Icelandic handball player (born 2001)

Haukur Þrastarson (born 14 April 2001) is an Icelandic handball player for Rhein-Neckar Löwen and the Icelandic national team.

==Club career==
Haukur Þrastarson made his debut for his boyhood club Selfoss in the 2016/2017 season, when he was only 15 years old. In 2019, at the age of 18, Þrastarson played a key role in his boyhood club winning the Icelandic Championship for the first time in the club’s history.

In 2020, Þrastarson transferred to Polish giants Łomża Vive Kielce. In July 2020, before the season began, he suffered a midfoot fracture; despite this, Kielce extended his contract from three to five years, running until 2025. Only weeks after his return, he sustained a torn anterior cruciate ligament (ACL) in his left knee during a Champions League match against Elverum.

With Kielce, Þrastarson won the Polish championship in 2021, 2022, and 2023, as well as the Polish Cup in 2021. He also competed in the EHF Champions League, where Kielce reached the Final Four in both 2022 and 2023, finishing runners-up on both occasions. In early December 2022, he suffered another ACL injury—this time to his right knee—during a Champions League match against Szeged. Þrastarson made his comeback in September 2023.

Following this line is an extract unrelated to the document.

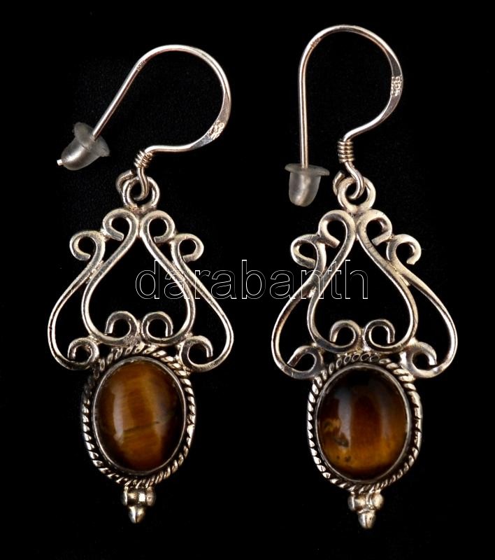 Beschreibung: Ezüst (Ag.) fülbevaló pár csiszolt tigrisszem berakással, jelzett, bruttó: 7,7 g

In the summer of 2024 he prematurely terminated his contract with Kielce and joined Romanian first division club Dinamo Bucharest. With Bucharest, he won the Romanian championship in 2025, the Romanian Cup and reached the Champions League play-offs against eventual winners SC Magdeburg.

For the 2025/26 season, he signed a contract with the German Bundesliga club Rhein-Neckar Löwen.

==International career==
Haukur was chosen the Most Valuable Player of the 2018 European Men's U-18 Handball Championship in Croatia when he helped Iceland's U-18 secure silver at the tournament. On 5 April 2018 he made his debut for the Icelandic national team in a 29–31 loss against Norway in a friendly. In 2019 he participated World Men's Handball Championship when he replaced Aron Pálmarsson, who was injured, he played two games against France and Brazil and scored two goals. He was the youngest player of the tournament and became the youngest Icelandic player to participate at a world championship.

At the 2026 European Men's Handball Championship he finished 4th with Iceland, losing to Denmark in the semifinal and Croatia in the third-place playoff.